Just a year after that of Manuel Wiroth, this is the second university thesis on the history of the UFO movement in France.

Margout is not unknown in the UFO environment, since for the writing of his thesis he had asked the help of our colleagues from the SCEAU (Sauvegarde et Conservation des Etudes et Archives Ufologiques) and had also attended GEIPAN scientific conference on UFO CAIPAN in July 2014, with a poster illustrating his work.

So it was a surprise to read an interview he gave to daily newspaper “Le Télégramme de Brest” on 11 December 2017, in which he stated, among other things: “The overwhelming majority of ufologists are perfectly serious people, who saw a phenomenon that they cannot explain”, thus confusing ufologists and witnesses.

From the text now available it has been possible to understand that the confusion between ufologists, witnesses, contactists and sect followers was not a mistake but a choice of his. In fact, Margout himself explains: “In most cases, these investigators were also witnesses, they are here in the role of gathering and collecting testimonies similar to theirs”. So an ufologist would simply be a witness who questions other witnesses, although the author is not giving any statistics that prove his statement.
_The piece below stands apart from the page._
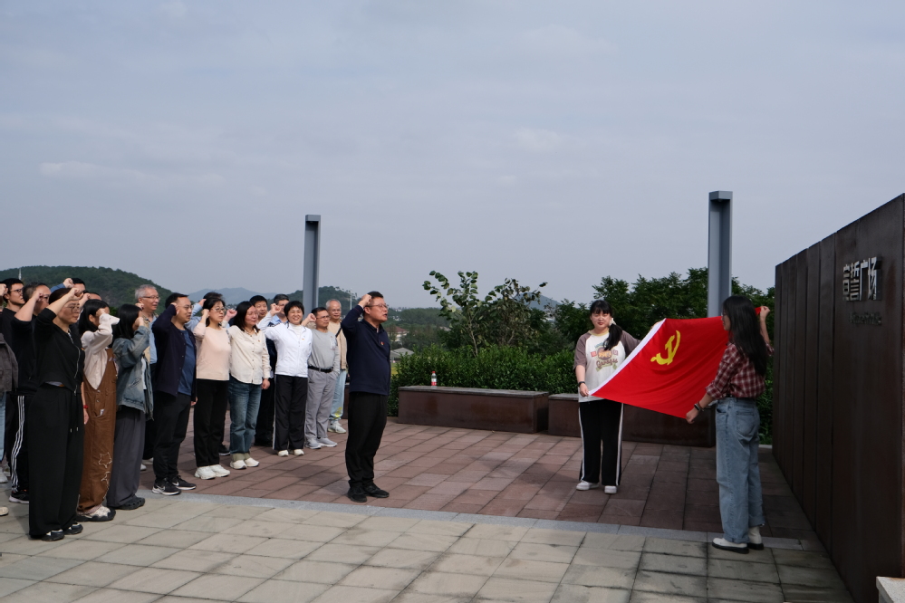 全体党员同志首先来到了澉浦突围战主题广场,一起认真学习了发生在1945年新四军浙东纵队艰难突围,英勇奋战的历史。随后全体党员同志爬上南北湖东部的荆山山顶,瞻仰新四军北撤澉浦之战纪念碑,在革命纪念碑前重温入党誓词。支部全体党员面对党旗重温入党誓词,铿锵有力的誓言在山顶回荡,不仅是对个人入党初心的再次确认,更是全体师生党员勇担使命,不懈拼搏的庄严承诺。

Thomas Margout’s thesis is divided into two volumes, available for free from here: vol. 1 and vol. 2. The first contains the thesis itself and the second contains data and statistics largely obtained from the UFO journal “Lumières dans la nuit”. The first volume is divided into four “generations”:
1. the birth (1945-1977)
2. the new ufology (1977-1993)
3. the X-Files generation (1993-2000)
4. independence (2000-2012).

Some choices of data and interpretations by the author are indeed questionable, and that is worthy a more detailed review.

[Pictured above: Thomas Margout during his speech at CAIPAN 2014]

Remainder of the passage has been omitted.